### DATA
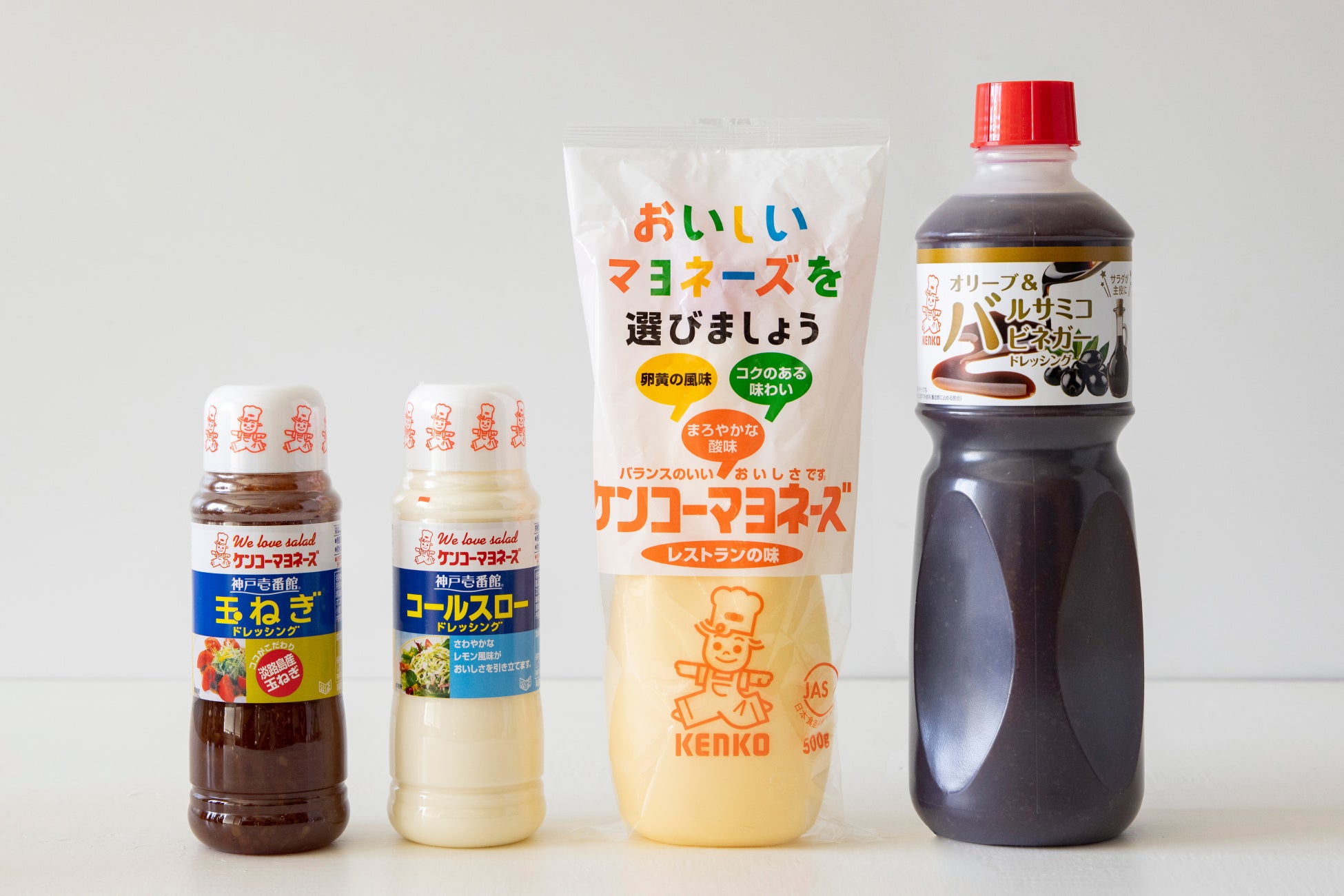 「ケンコーマヨネーズ」のロングセラー3品と、サラダが主役になるドレッシングを販売します。
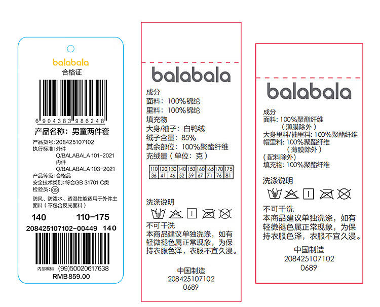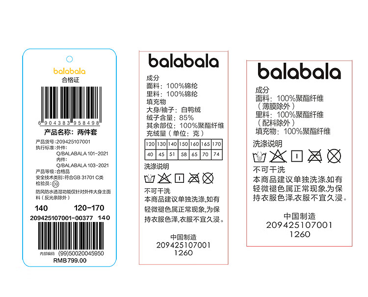 巴拉巴拉童装儿童羽绒服女童外套2025冬装加厚保暖防护两件套209425107001
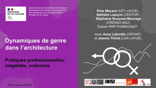 La communication revient sur les principaux résultats de la recherche basés sur l’analyse fine et détaillée d’un ensemble de données issues de la statistique publique mais aussi transmises par les organisations professionnelles, le ministère de la Culture tutelle des ENSA, ou encore produites par le monde de la recherche. Cette sociographie construite à travers le prisme du genre, questionne le processus de féminisation qui présente des zones d’ombre, les dynamiques de carrière, la segmentation des pratiques, les logiques « d’engrenages » qui ont tendance à cantonner les femmes dans certaines positions professionnelles, et le continuum des violences de genre (des inégalités professionnelles aux violences sexistes et sexuelles) qui structure les rapports de genre dans l’architecture.
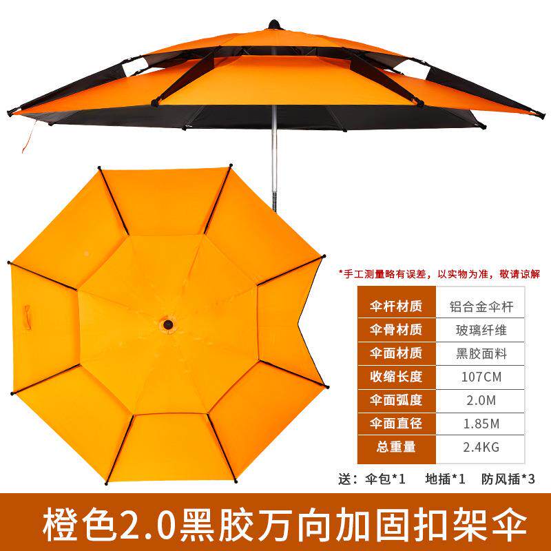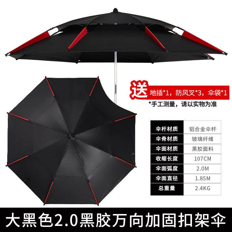 淘短节万向双层钓鱼伞大钓伞台钓渔伞三折叠防风晒雨伞遮阳加厚地插
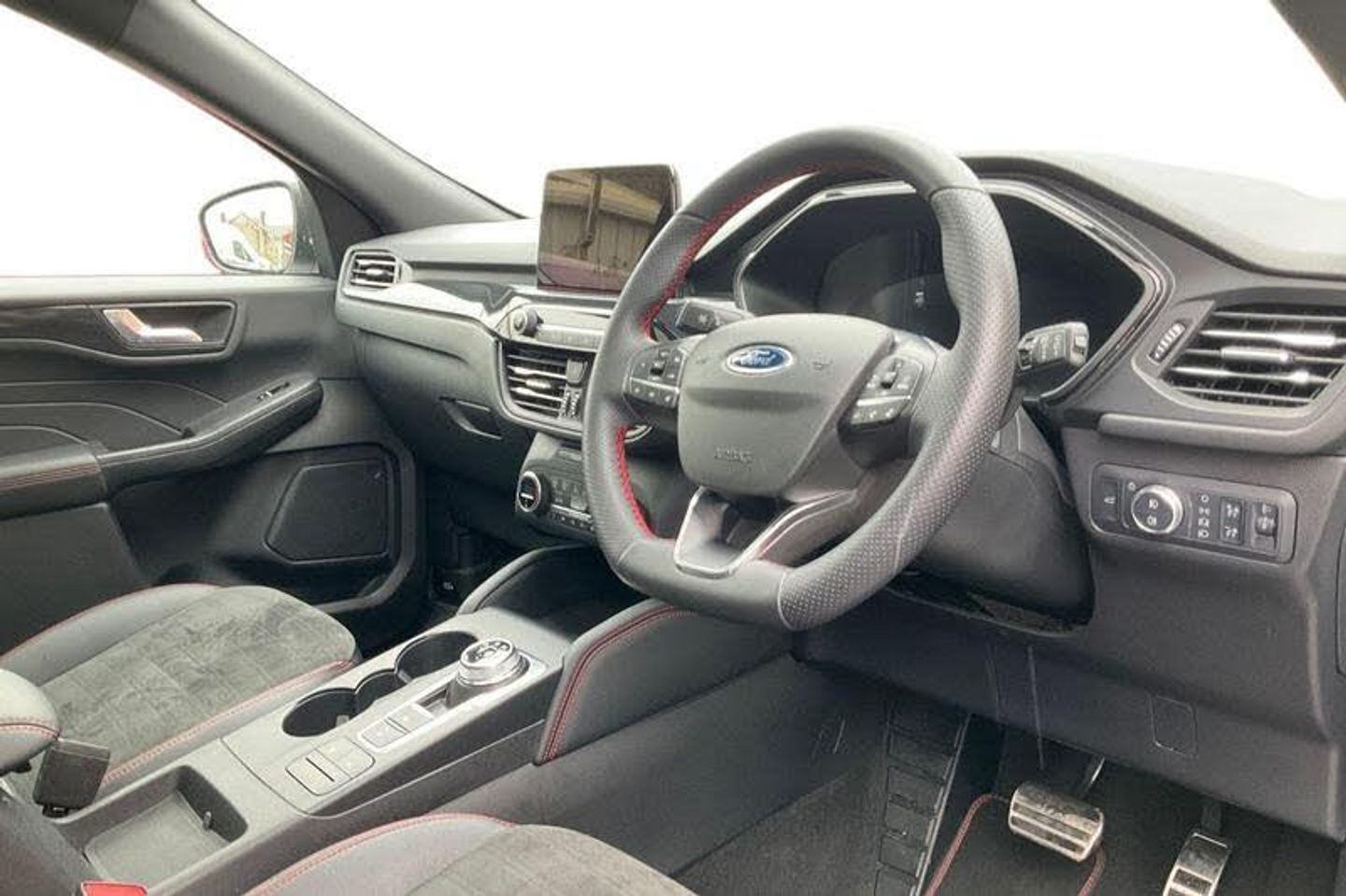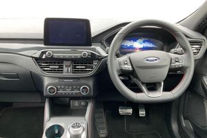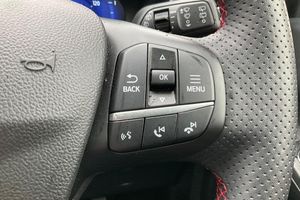 12.3 digital colour instrument cluster, Ford easy fuel, Ford SYNC 3 with 8 TFT LCD touchscreen, App Link, andriod auto/apple carPlay, emergency assistance and navigation with Ford pass connect, Front and rear parking sensors, Hands free power tailgate, Lane keeping aid with lane departure warning, Power assist steering, Rear view camera, Selectable drive modes, Service interval indicator, Auto headlamps with high and low beam, Black roof rails, Body colour bumpers, Day/night rear view mirror, Front LED fog lamps, Large rear roof spoiler, LED daytime running lights, LED rear lights, Power folding, electrically adjustable and heated door mirrors with puddle lights, Power front/rear windows with global close, Power opening panoramic roof, Quickclear heated windscreen, Rain sensing wipers, Rear privacy glass, Rear side wing doors, Rear wiper, ST Line body styling kit with unique front and rear fascia and bumper, rear painted diffuser, front painted skid plates, dark mesh upper grille, ST Line front scuff plates, Third brake light, Twin exhausts, 2nd row sliding seats with 60:40 split, Alloy pedals, Centre console with electronic parking brake, Dark headlining and pillars, Electronic automatic temperature control (EATC), Flat bottomed leather steering wheel in sensico with red stitching, Front and rear head restraints, Heated passenger and driver seats, Heated rear seats, Heated steering wheel, Partial premium touch Sensico with black cloth inserts and red stitching, Rear centre head restraint, Single front passenger seat, Sports seats, ST Line front and rear floor mats, 3x3 point rear seatbelts, Airbags - front driver/passenger, front and rear curtain, Drivers knee airbag, Electronic stability control (ESC) and ABS, Ford MyKey Gen 2 safety system, Manual child proof rear door locks, Post collision braking, Pre collision assist with autonomous emergency braking, Rear seat Occupancy alert, Red brake calipers, Tyre pressure monitoring system
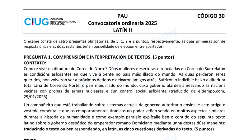Reservar clase gratis →Examen de Latín II selectividad Galicia (Ordinaria 2025)
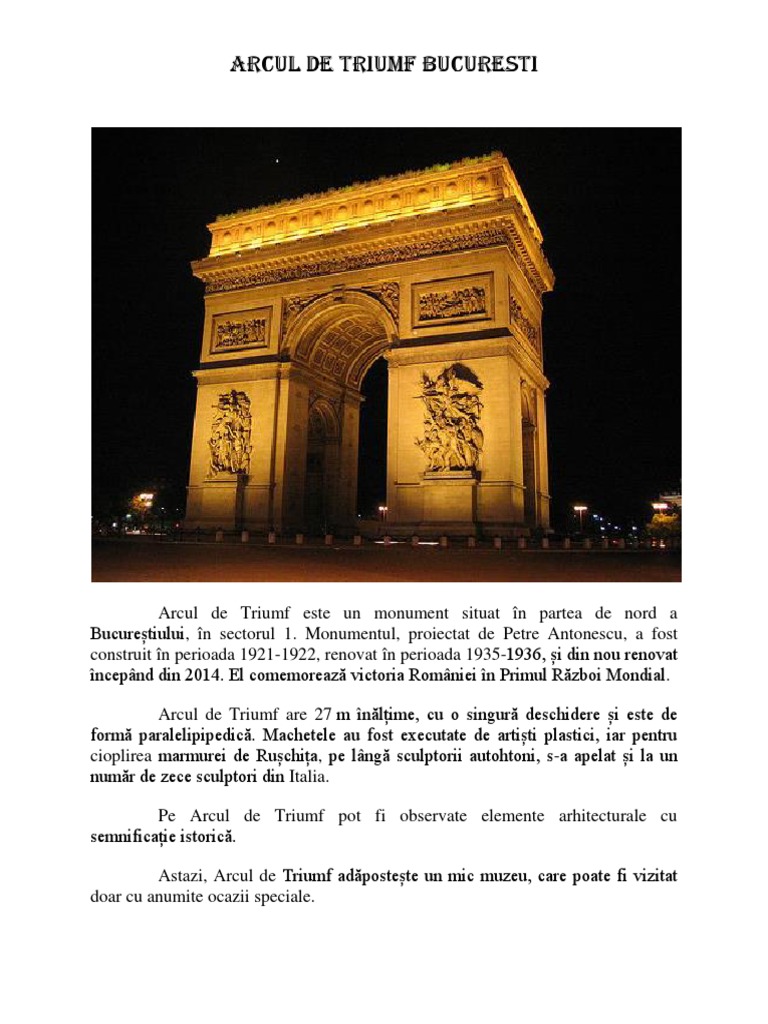 Nu vreau sa ma gandesc la ce ar putea sa insemne asta. Iubitoare de munte ce caut? Standing 25m high, the arc has a staircase that allows visitors to climb to the terrace on. The original arc was made of wood, replaced by the present, petru antonescu designed concrete structure only in 1935. Arcul de triumf isi deschide portile pentru cititori la noaptea cartilor deschise.
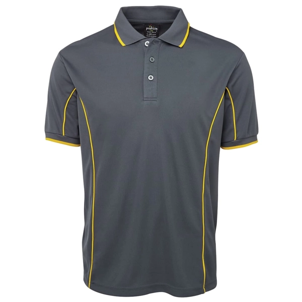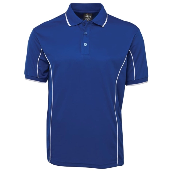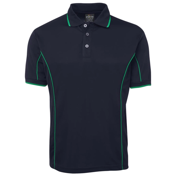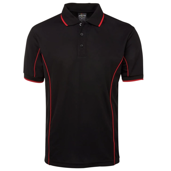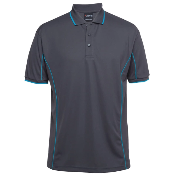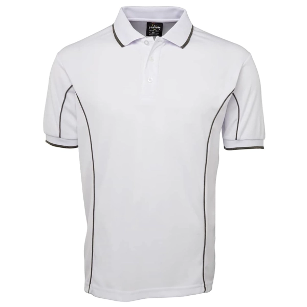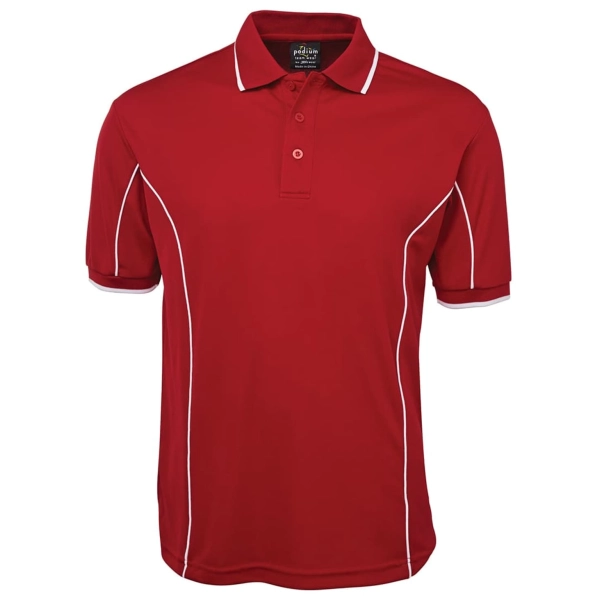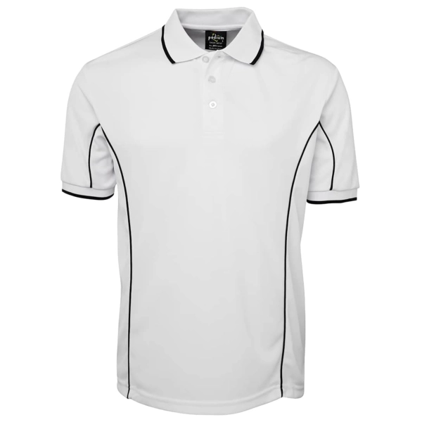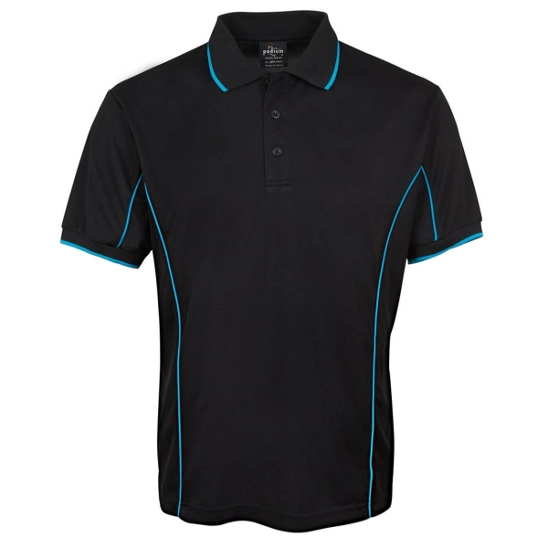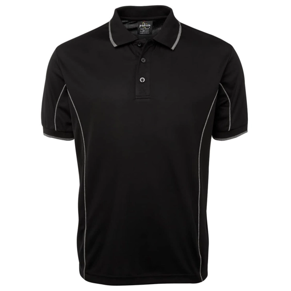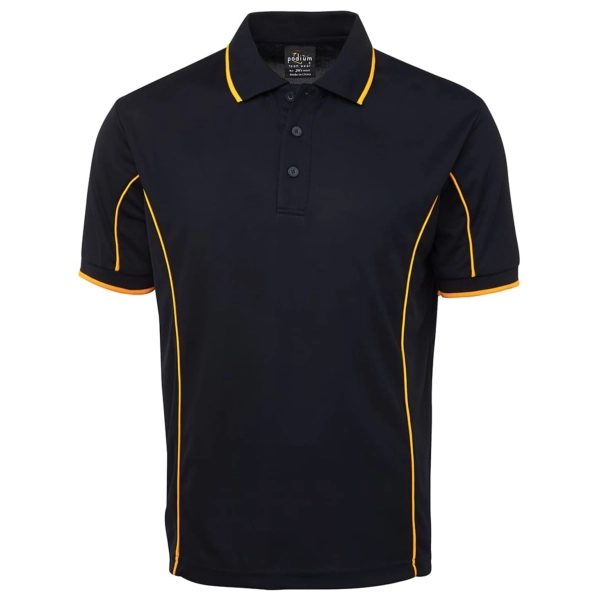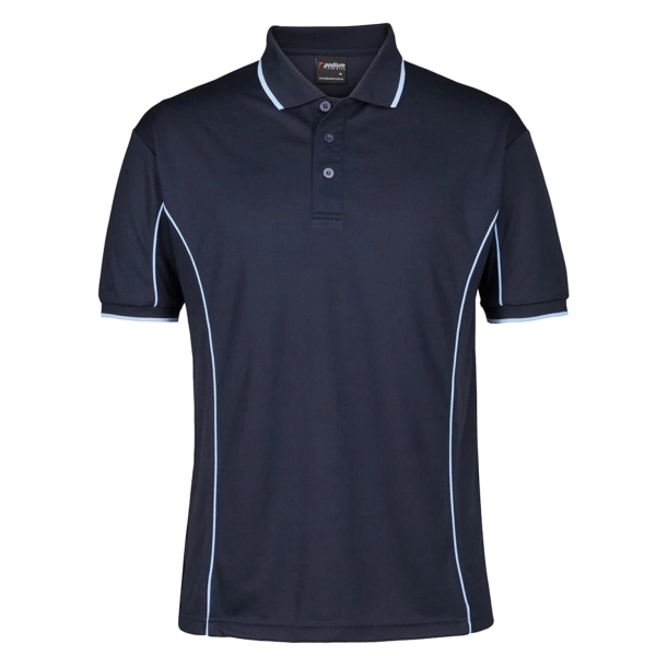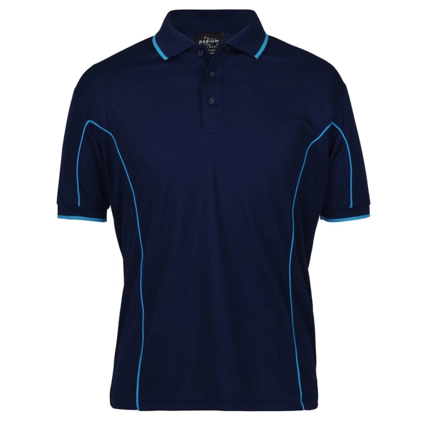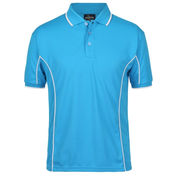 Classic Fit | 100% Polyester, 160gsm pique knit fabric | Podium Cool™ moisture wicking fabric designed to help keep you cool and dry | Complies with Standard AS 4399:2020 for UPF Protection | Straight hem with side splits | Easy care, quick drying fabric | XS only in Black/Aqua, Black/Grey, Black/Orange, Black/Red, Black/White, Charcoal/Aqua, Charcoal/Red, Jnr Navy/Aqua, Navy/Gold, Navy/Green, Navy/White, Royal/White | 2XS only in Navy/White, Jnr Navy/Aqua, Charcoal/Red, Black/White | 6/7XL only in Navy/White

### DIRECTIONS FOR THIS TASK
Pictures stay out; everything else in the listing above is to be repeated exactly.

### REPLY
 「ケンコーマヨネーズ」のロングセラー3品と、サラダが主役になるドレッシングを販売します。
 巴拉巴拉童装儿童羽绒服女童外套2025冬装加厚保暖防护两件套209425107001
 La communication revient sur les principaux résultats de la recherche basés sur l’analyse fine et détaillée d’un ensemble de données issues de la statistique publique mais aussi transmises par les organisations professionnelles, le ministère de la Culture tutelle des ENSA, ou encore produites par le monde de la recherche. Cette sociographie construite à travers le prisme du genre, questionne le processus de féminisation qui présente des zones d’ombre, les dynamiques de carrière, la segmentation des pratiques, les logiques « d’engrenages » qui ont tendance à cantonner les femmes dans certaines positions professionnelles, et le continuum des violences de genre (des inégalités professionnelles aux violences sexistes et sexuelles) qui structure les rapports de genre dans l’architecture.
 淘短节万向双层钓鱼伞大钓伞台钓渔伞三折叠防风晒雨伞遮阳加厚地插
 12.3 digital colour instrument cluster, Ford easy fuel, Ford SYNC 3 with 8 TFT LCD touchscreen, App Link, andriod auto/apple carPlay, emergency assistance and navigation with Ford pass connect, Front and rear parking sensors, Hands free power tailgate, Lane keeping aid with lane departure warning, Power assist steering, Rear view camera, Selectable drive modes, Service interval indicator, Auto headlamps with high and low beam, Black roof rails, Body colour bumpers, Day/night rear view mirror, Front LED fog lamps, Large rear roof spoiler, LED daytime running lights, LED rear lights, Power folding, electrically adjustable and heated door mirrors with puddle lights, Power front/rear windows with global close, Power opening panoramic roof, Quickclear heated windscreen, Rain sensing wipers, Rear privacy glass, Rear side wing doors, Rear wiper, ST Line body styling kit with unique front and rear fascia and bumper, rear painted diffuser, front painted skid plates, dark mesh upper grille, ST Line front scuff plates, Third brake light, Twin exhausts, 2nd row sliding seats with 60:40 split, Alloy pedals, Centre console with electronic parking brake, Dark headlining and pillars, Electronic automatic temperature control (EATC), Flat bottomed leather steering wheel in sensico with red stitching, Front and rear head restraints, Heated passenger and driver seats, Heated rear seats, Heated steering wheel, Partial premium touch Sensico with black cloth inserts and red stitching, Rear centre head restraint, Single front passenger seat, Sports seats, ST Line front and rear floor mats, 3x3 point rear seatbelts, Airbags - front driver/passenger, front and rear curtain, Drivers knee airbag, Electronic stability control (ESC) and ABS, Ford MyKey Gen 2 safety system, Manual child proof rear door locks, Post collision braking, Pre collision assist with autonomous emergency braking, Rear seat Occupancy alert, Red brake calipers, Tyre pressure monitoring system
Reservar clase gratis →Examen de Latín II selectividad Galicia (Ordinaria 2025)
 Nu vreau sa ma gandesc la ce ar putea sa insemne asta. Iubitoare de munte ce caut? Standing 25m high, the arc has a staircase that allows visitors to climb to the terrace on. The original arc was made of wood, replaced by the present, petru antonescu designed concrete structure only in 1935. Arcul de triumf isi deschide portile pentru cititori la noaptea cartilor deschise.
 Classic Fit | 100% Polyester, 160gsm pique knit fabric | Podium Cool™ moisture wicking fabric designed to help keep you cool and dry | Complies with Standard AS 4399:2020 for UPF Protection | Straight hem with side splits | Easy care, quick drying fabric | XS only in Black/Aqua, Black/Grey, Black/Orange, Black/Red, Black/White, Charcoal/Aqua, Charcoal/Red, Jnr Navy/Aqua, Navy/Gold, Navy/Green, Navy/White, Royal/White | 2XS only in Navy/White, Jnr Navy/Aqua, Charcoal/Red, Black/White | 6/7XL only in Navy/White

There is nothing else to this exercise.